#### Data shown:
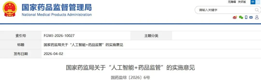 各省、自治区、直辖市和新疆生产建设兵团药品监督管理局,局机关各司局、各直属单位:药品智慧监管行动计划实施以来,各级药品监管部门积极探索利用信息化手段提升药品监管能力,初步构建了全国一体化药品智慧监管体系。当前,人工智能等新一代信息技术的快速发展与迭代演进,为智慧监管提供新手段、注入新动能。为贯彻落实《国务院关于深入实施“人工智能+”行动的意见》《国务院办公厅关于全面深化药品医疗器械监管改革促进医药
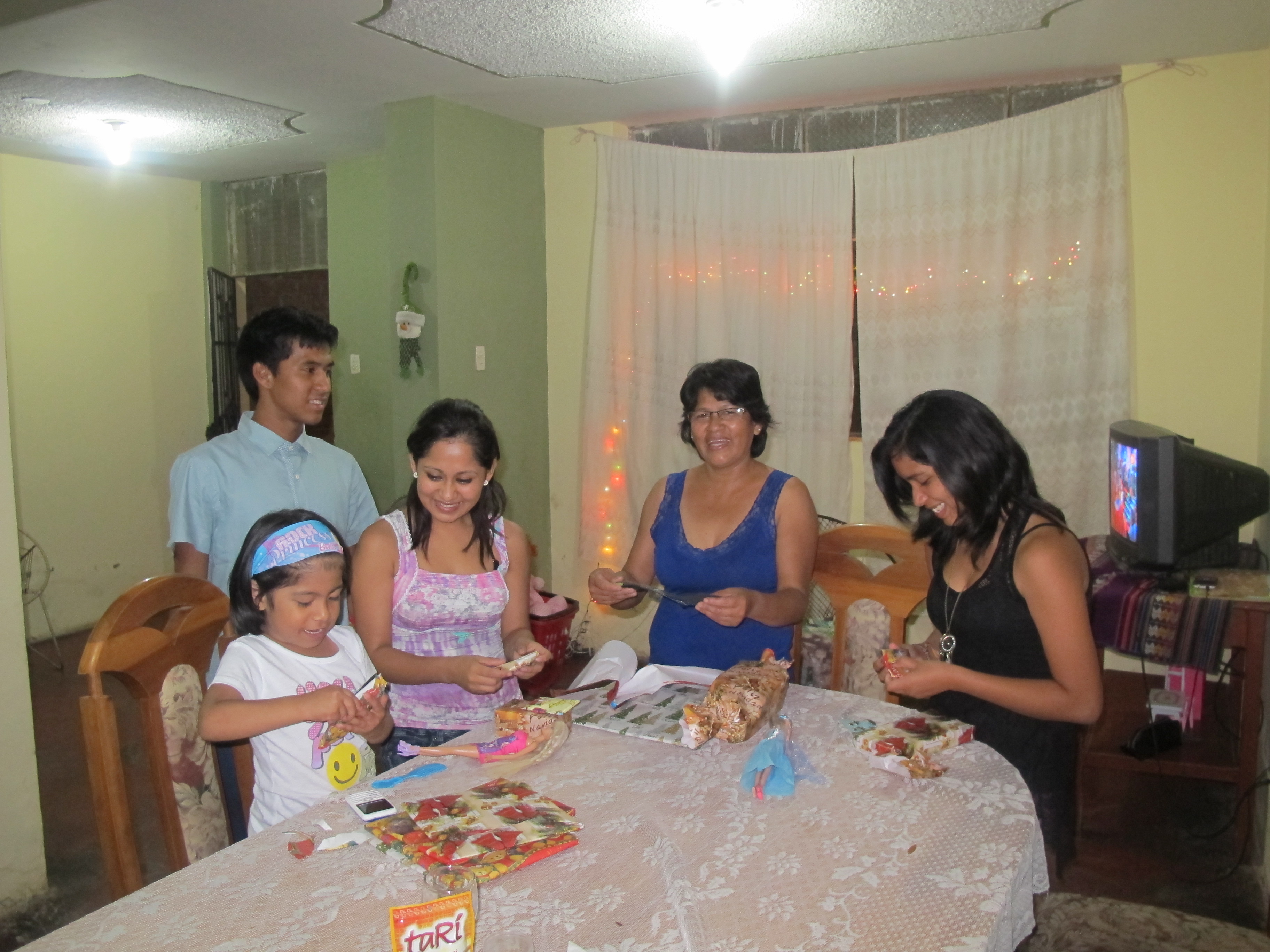 mp and i celebrated christmas peruvian style with my family. here, the celebrations begin at midnight on christmas day. so at midnight we ate dinner, and samia put the baby jesus in the nativity. we then exchanged gifts and thanks to mp and my dad and jill, my family had an amazing christmas, and loved their gifts so much. they were even so kind to give us peru shirts!
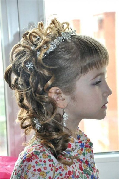 Украшают такую укладку диадемой, короной, заколками у висков, обручем. Завитки могут быть тугими, спиральными, волнистыми или озорными в зависимости от длины, структуры волос дочери.
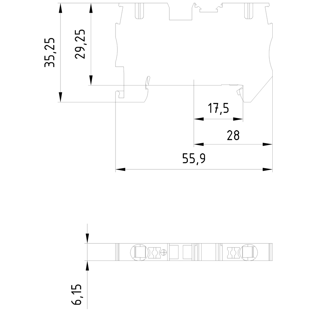 PE through-type terminal 4 mm2, 6.2 mm width green/yellow
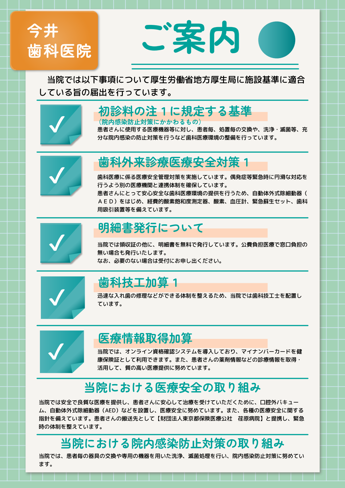 世田谷今井歯科医院受付世田谷今井歯科医院では、平成6年3月の開院以来、虫歯治療などの一般歯科治療はもちろん、歯周病治療や口腔外科なども行っております。

#### Task brief:
What is needed is an exact copy of every record above, minus the images.

#### Response:
 各省、自治区、直辖市和新疆生产建设兵团药品监督管理局,局机关各司局、各直属单位:药品智慧监管行动计划实施以来,各级药品监管部门积极探索利用信息化手段提升药品监管能力,初步构建了全国一体化药品智慧监管体系。当前,人工智能等新一代信息技术的快速发展与迭代演进,为智慧监管提供新手段、注入新动能。为贯彻落实《国务院关于深入实施“人工智能+”行动的意见》《国务院办公厅关于全面深化药品医疗器械监管改革促进医药
 mp and i celebrated christmas peruvian style with my family. here, the celebrations begin at midnight on christmas day. so at midnight we ate dinner, and samia put the baby jesus in the nativity. we then exchanged gifts and thanks to mp and my dad and jill, my family had an amazing christmas, and loved their gifts so much. they were even so kind to give us peru shirts!
 Украшают такую укладку диадемой, короной, заколками у висков, обручем. Завитки могут быть тугими, спиральными, волнистыми или озорными в зависимости от длины, структуры волос дочери.
 PE through-type terminal 4 mm2, 6.2 mm width green/yellow
 世田谷今井歯科医院受付世田谷今井歯科医院では、平成6年3月の開院以来、虫歯治療などの一般歯科治療はもちろん、歯周病治療や口腔外科なども行っております。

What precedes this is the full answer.